● **What to do**: Where the line containing "Під час заняття" appears in the records below, begin there and repeat each line exactly through the final one, dropping all pictures.

• • •

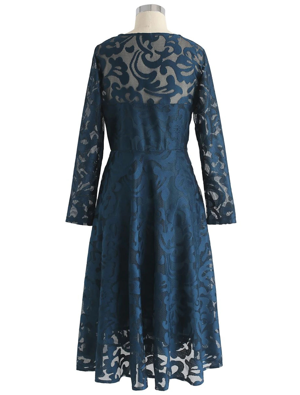 Wholesale Women's Party Dress Lace Dress Swing Dress Midi Dress Wine Red Black Blue Long Sleeve Pure Color Lace Winter Fall Spring Crew Neck Elegant Party Winter Dress Wedding Guest - Blue / US 2 / UK 6 / EU 32
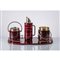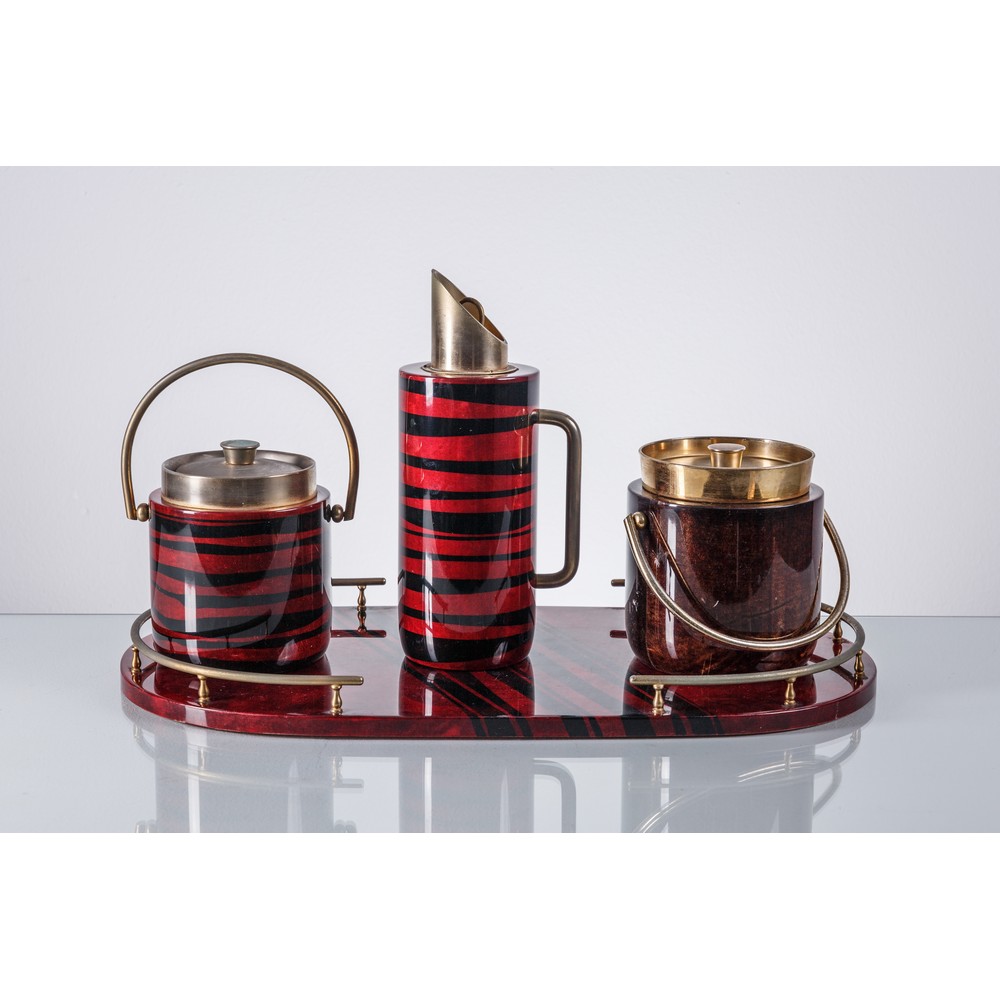 Set da cocktail composto da quattro pezzi in pergamena rossa zebrata, finiture in metallo, etichetta di produzione. Difetti.
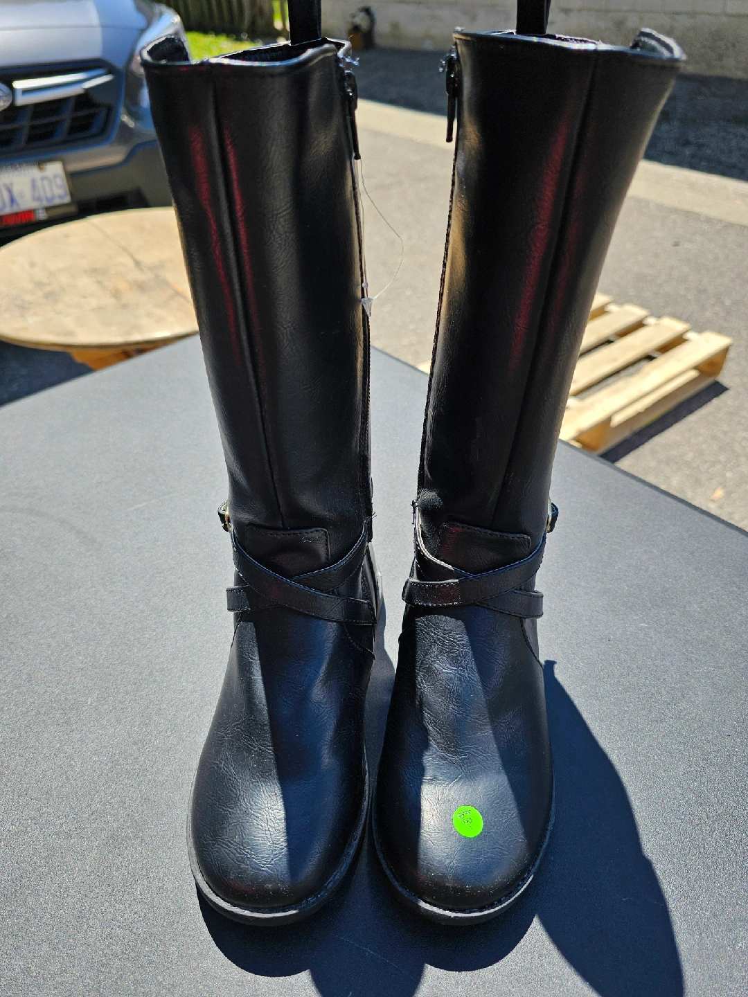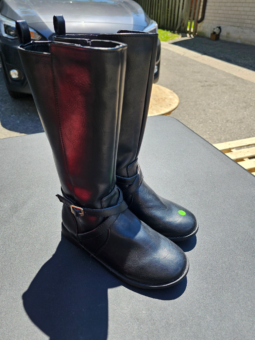 Selling a pair of black riding boots in great condition! They feature a strap and buckle detail around the ankle and a zipper closure. Perfect for fall and winter
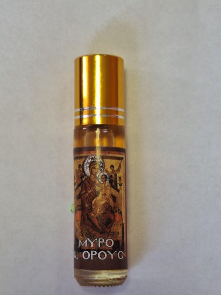 Церковное благовоние Миро с иконой ПБ Всецарица, Афон [8 мл.]
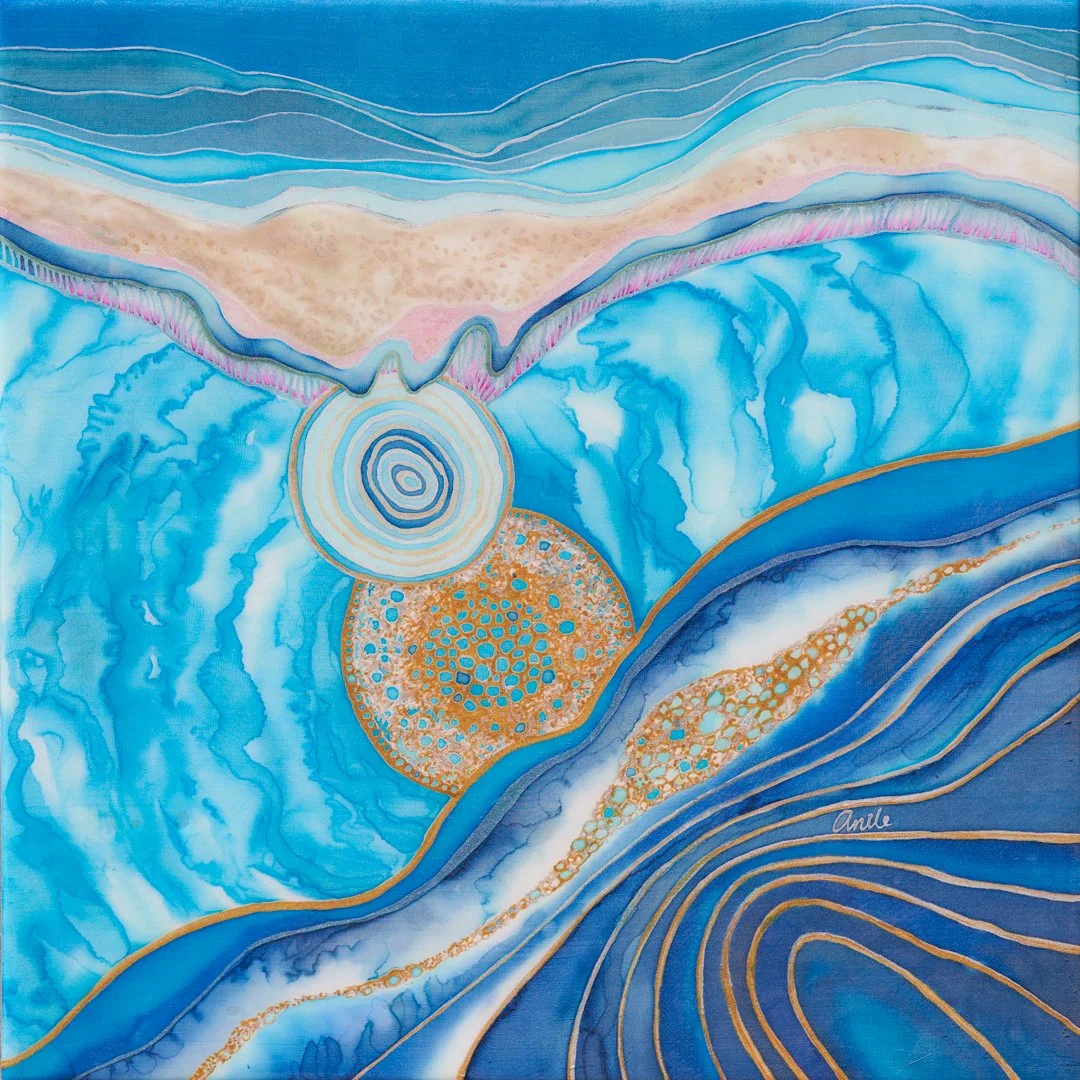 Trabea 51cm x 51cmLayered pure 100% silk, 24K gold, resin, mounted on fibreboard. View fullsize View fullsize View fullsize View fullsize ART INQUIRE
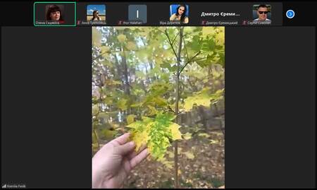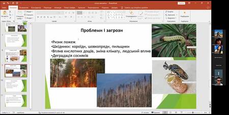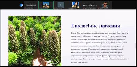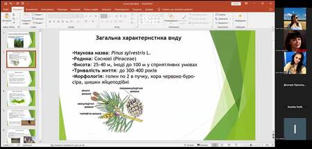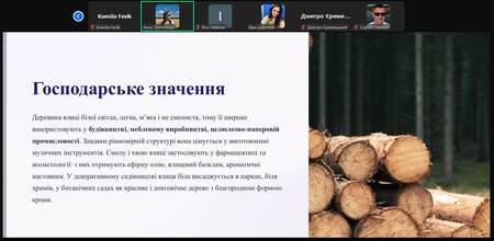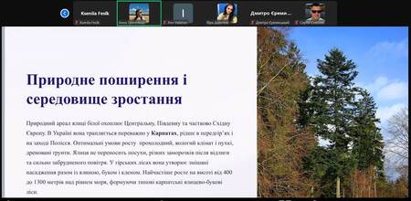 Під час заняття Ігор ГАЛАГАН представив екологічну характеристику сосни звичайної, а Анна ТРЕПОЛЕЦЬ – ялиці білої. Особливої уваги заслуговує виступ Ксенії ФЕСІК, яка організувала пряму відео-трансляцію з Брюховицького мішаного лісу, розташованого на пагорбах Розточчя (Львівщина). У режимі онлайн здобувачка вищої освіти знайомила одногрупників із рослинним покривом цього лісу, демонструючи сосну, бук, граб, дуб, ліщину, адоксу мускусну, ожину, хвощ, мохи та інші види рослин.
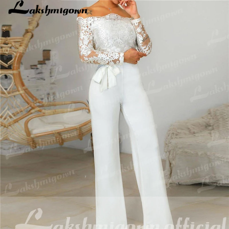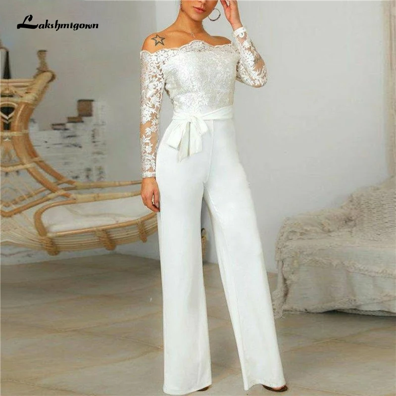 Свадебный комбинезон с длинным рукавом 2022 Свадебные платья с открытыми плечами комбинезон для невесты для приема Свадебные брючные костюмы Vestido De Noiva
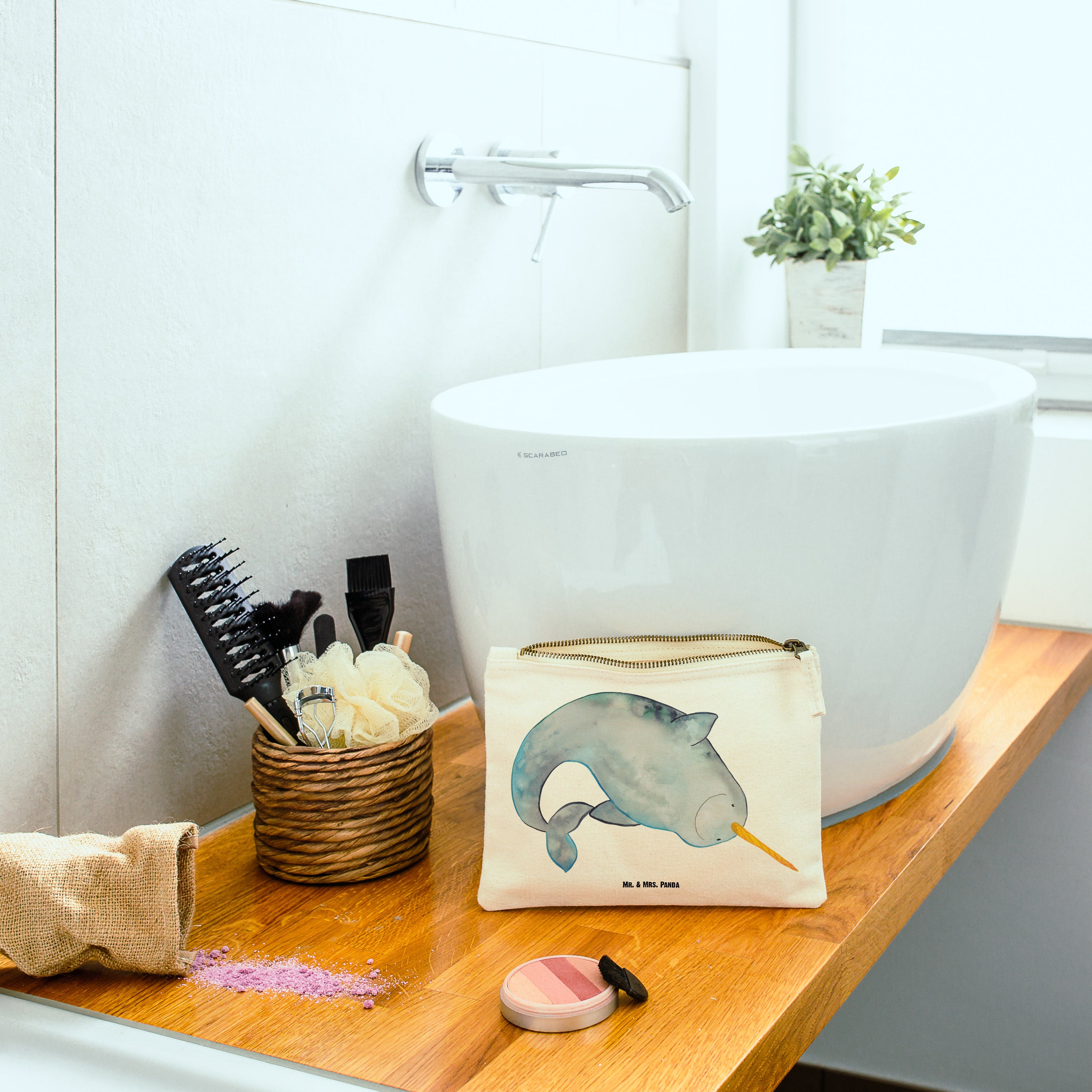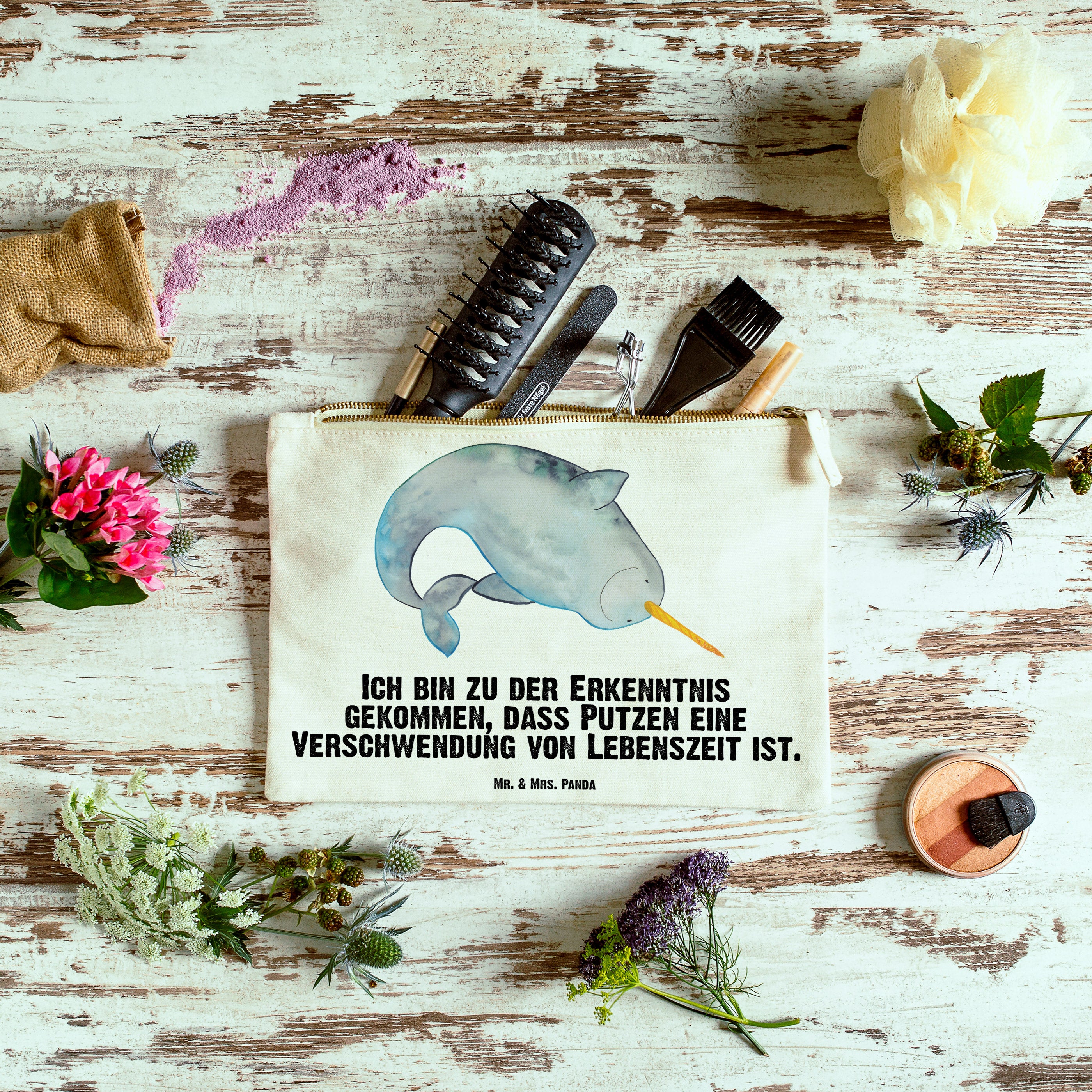 Schminktasche Narwal - Grösse XL Große - mit Spruch
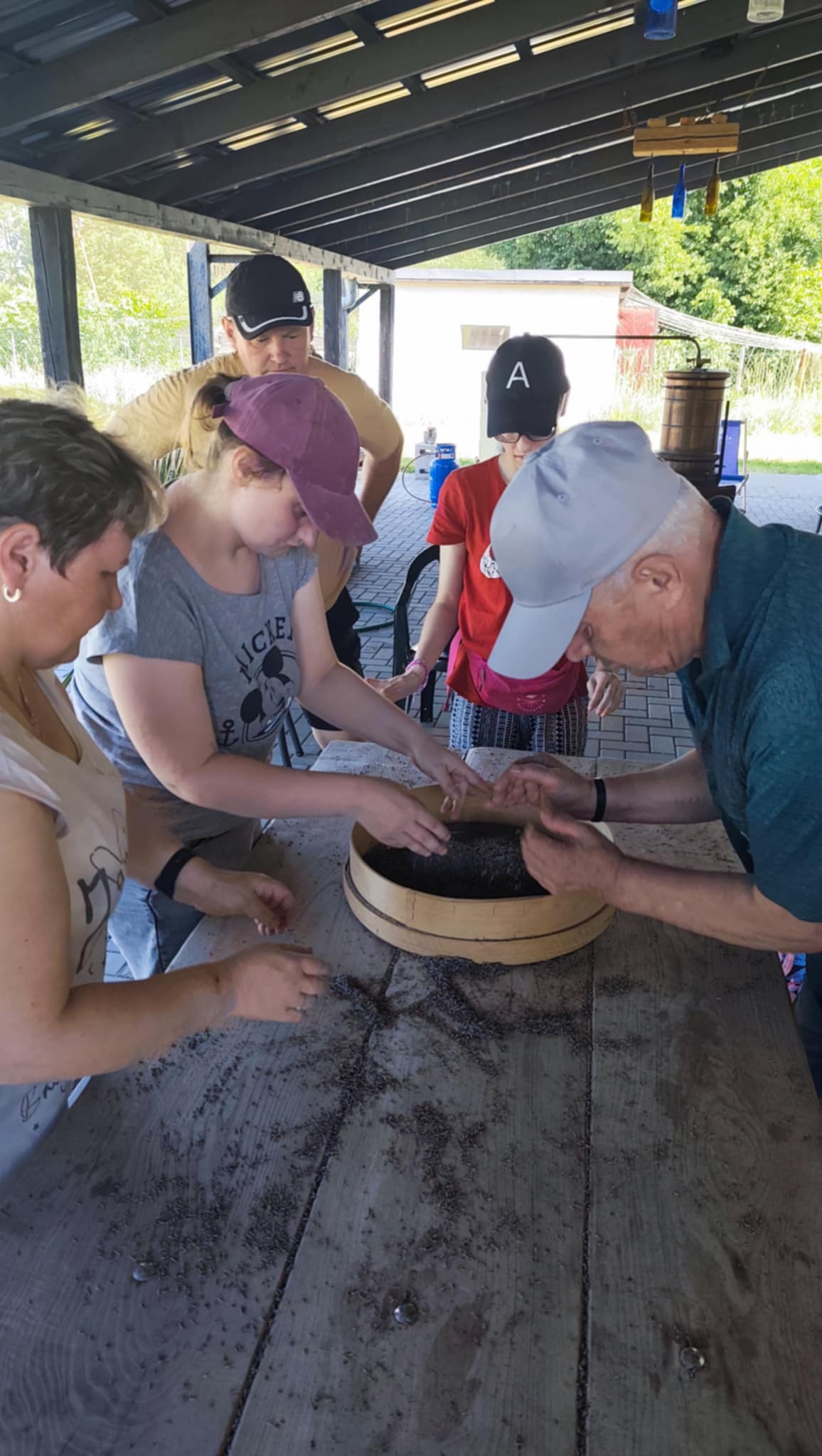 Plantacja znajdująca się we wsi Kodrąbek ugościła nas niezwykle serdecznie proponując szereg ”lawendowych różności” podczas, których poznaliśmy proces destylacji lawendy, pozyskiwania suszu, robiliśmy woreczki zapachowe, lawendową sól do kąpieli z naturalnym olejkiem lawendowym na bazie soli Kłodawskiej. Lawendowe warsztaty pobudziły zmysły węchu, dotyku oraz wzroku.

• • •

● **Solution below**:
 Під час заняття Ігор ГАЛАГАН представив екологічну характеристику сосни звичайної, а Анна ТРЕПОЛЕЦЬ – ялиці білої. Особливої уваги заслуговує виступ Ксенії ФЕСІК, яка організувала пряму відео-трансляцію з Брюховицького мішаного лісу, розташованого на пагорбах Розточчя (Львівщина). У режимі онлайн здобувачка вищої освіти знайомила одногрупників із рослинним покривом цього лісу, демонструючи сосну, бук, граб, дуб, ліщину, адоксу мускусну, ожину, хвощ, мохи та інші види рослин.
 Свадебный комбинезон с длинным рукавом 2022 Свадебные платья с открытыми плечами комбинезон для невесты для приема Свадебные брючные костюмы Vestido De Noiva
 Schminktasche Narwal - Grösse XL Große - mit Spruch
 Plantacja znajdująca się we wsi Kodrąbek ugościła nas niezwykle serdecznie proponując szereg ”lawendowych różności” podczas, których poznaliśmy proces destylacji lawendy, pozyskiwania suszu, robiliśmy woreczki zapachowe, lawendową sól do kąpieli z naturalnym olejkiem lawendowym na bazie soli Kłodawskiej. Lawendowe warsztaty pobudziły zmysły węchu, dotyku oraz wzroku.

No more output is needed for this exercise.